* Activity
Below are the records to transcribe exactly; do not include any images.

━━━ Source records

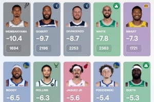 本季在场/不在场半场防守效率差:文班第1 戈贝尔第2 刚哥穆迪上榜
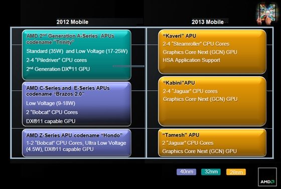 Ввиду того, что Z-60 имеет довольно посредственные показатели энергопотребления для планшетного рынка, AMD собирается запустить во второй четверти следующего года систему на чипе с кодовым именем Tamesh с парой CPU-ядер Jaguar и графическим ускорителем с архитектурой GCN. Она призвана дать производителю процессоров более высокие шансы конкурировать в новом для него секторе рынка.
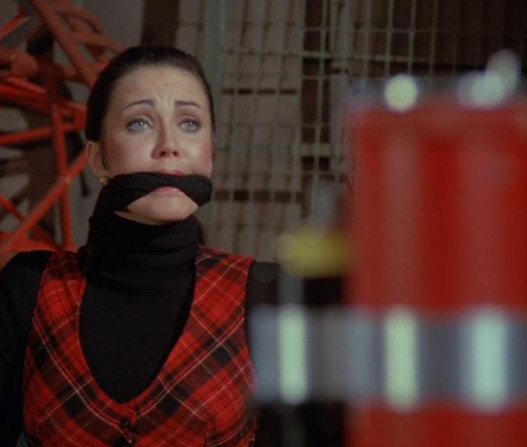 Although Lynda was tied up and cleave-gagged several times in the show, sadly it was never in the blue suit.
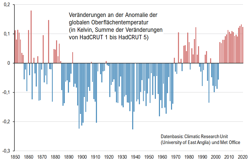Doch, es gibt sehr wohl eine globale Oberflächentemperatur. Irgendwie ein Mittelwert zwischen Wüstensonne und Polarnacht, Südsee und Himalaja. Ob dieser Wert richtig berechnet wurde oder worüber er uns Auskunft geben soll, ist eine andere Angelegenheit. Aber es ist bekanntlich nicht so, daß die einmal ermittelten globale Oberflächentemperaturen feststehen würden. Nein, sie wurden nachträglich immer wieder „angepasst“ (homogenisiert usw.). Hier z.B. die Veränderungen von HadCRUT1 bis HadCRUT5: Die Temperaturen mitte des vorigen Jahrhunderts wurden abgesenkt (dieser Buckel um 1945 störte wohl?), die Temperaturen nach 2000 kräftig angehoben (Wo ist die „Erwärmungspause“?).
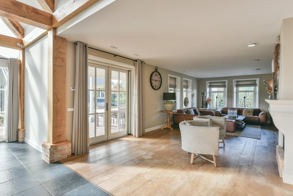 Aangrenzend is de royale zitkamer met een openhaard, brede eiken delenvloer en openslaande deuren naar het grote overdekte terras op het zuidwesten.
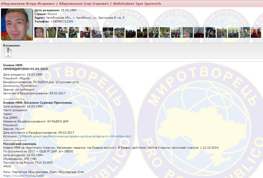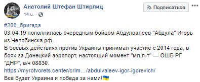 "200_бригада 03.04.19 пополнилась очередным бойцом Абдулвалеев "Абдула" Игорь из Челябинска рф. В боевых действиях против Украины принимал участие с 2014 года, в боях за Донецкий аэропорт, настоящий момент "мл.л-т" - ОШБ РГ "ДНР", в/ч 08830", - говорится в сообщении.
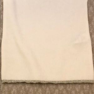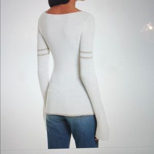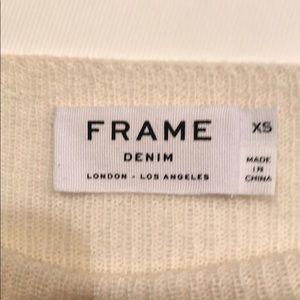 Frame metallic knit merino wool blend sweater. Vintage varsity gets a new shine on this finely ribbed sweater sparkling with metallic stripes on sleeves and along the bottom. Never worn. Size xs
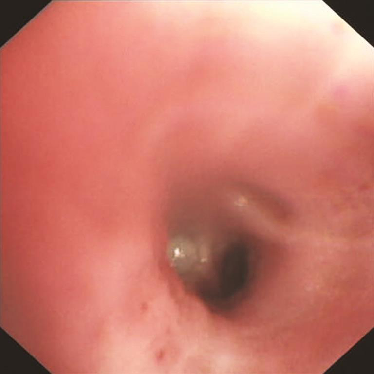 本例患者胸部CT提示右肺阻塞性肺炎,所以可行支气管镜进一步明确诊断。此外,通过支气管肺泡灌洗液的检查还可明确或排除感染性病变。
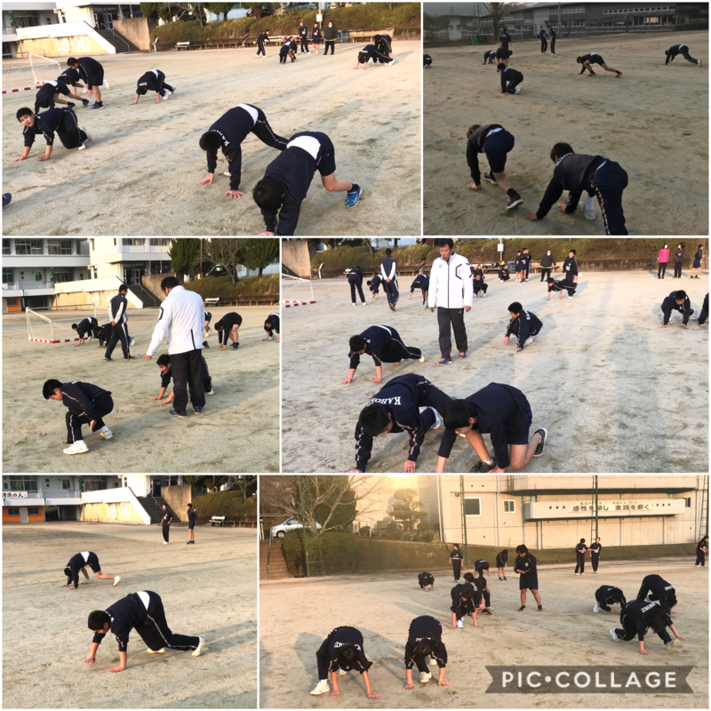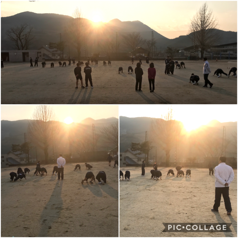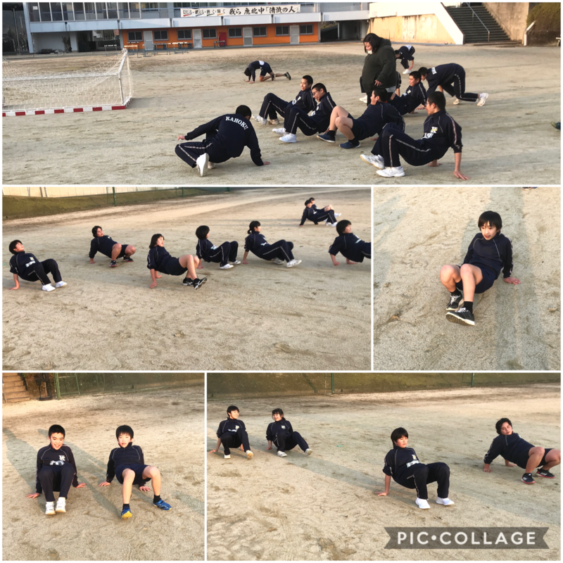 2月3日(月)の放課後、グラウンドからは、小中学生の元気の良い声が聞こえてきます。小学6年生が参加して、部活動のアップを各部合同で行っています。中学生が積極的に小学生と関わる姿が見られ、小学生も安心して活動に取り組んでいます。
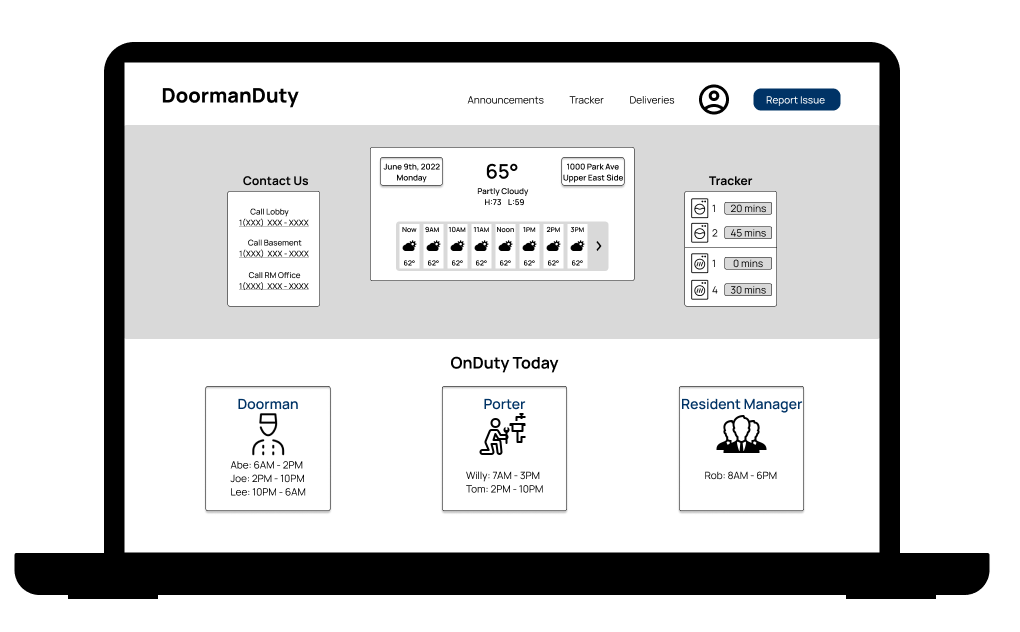 Target Users: Shareholders and tenants that reside in managed buildings that rely on doormans and porters for any assistance.

━━━━━━

* Result
 本季在场/不在场半场防守效率差:文班第1 戈贝尔第2 刚哥穆迪上榜
 Ввиду того, что Z-60 имеет довольно посредственные показатели энергопотребления для планшетного рынка, AMD собирается запустить во второй четверти следующего года систему на чипе с кодовым именем Tamesh с парой CPU-ядер Jaguar и графическим ускорителем с архитектурой GCN. Она призвана дать производителю процессоров более высокие шансы конкурировать в новом для него секторе рынка.
 Although Lynda was tied up and cleave-gagged several times in the show, sadly it was never in the blue suit.
Doch, es gibt sehr wohl eine globale Oberflächentemperatur. Irgendwie ein Mittelwert zwischen Wüstensonne und Polarnacht, Südsee und Himalaja. Ob dieser Wert richtig berechnet wurde oder worüber er uns Auskunft geben soll, ist eine andere Angelegenheit. Aber es ist bekanntlich nicht so, daß die einmal ermittelten globale Oberflächentemperaturen feststehen würden. Nein, sie wurden nachträglich immer wieder „angepasst“ (homogenisiert usw.). Hier z.B. die Veränderungen von HadCRUT1 bis HadCRUT5: Die Temperaturen mitte des vorigen Jahrhunderts wurden abgesenkt (dieser Buckel um 1945 störte wohl?), die Temperaturen nach 2000 kräftig angehoben (Wo ist die „Erwärmungspause“?).
 Aangrenzend is de royale zitkamer met een openhaard, brede eiken delenvloer en openslaande deuren naar het grote overdekte terras op het zuidwesten.
 "200_бригада 03.04.19 пополнилась очередным бойцом Абдулвалеев "Абдула" Игорь из Челябинска рф. В боевых действиях против Украины принимал участие с 2014 года, в боях за Донецкий аэропорт, настоящий момент "мл.л-т" - ОШБ РГ "ДНР", в/ч 08830", - говорится в сообщении.
 Frame metallic knit merino wool blend sweater. Vintage varsity gets a new shine on this finely ribbed sweater sparkling with metallic stripes on sleeves and along the bottom. Never worn. Size xs
 本例患者胸部CT提示右肺阻塞性肺炎,所以可行支气管镜进一步明确诊断。此外,通过支气管肺泡灌洗液的检查还可明确或排除感染性病变。
 2月3日(月)の放課後、グラウンドからは、小中学生の元気の良い声が聞こえてきます。小学6年生が参加して、部活動のアップを各部合同で行っています。中学生が積極的に小学生と関わる姿が見られ、小学生も安心して活動に取り組んでいます。
 Target Users: Shareholders and tenants that reside in managed buildings that rely on doormans and porters for any assistance.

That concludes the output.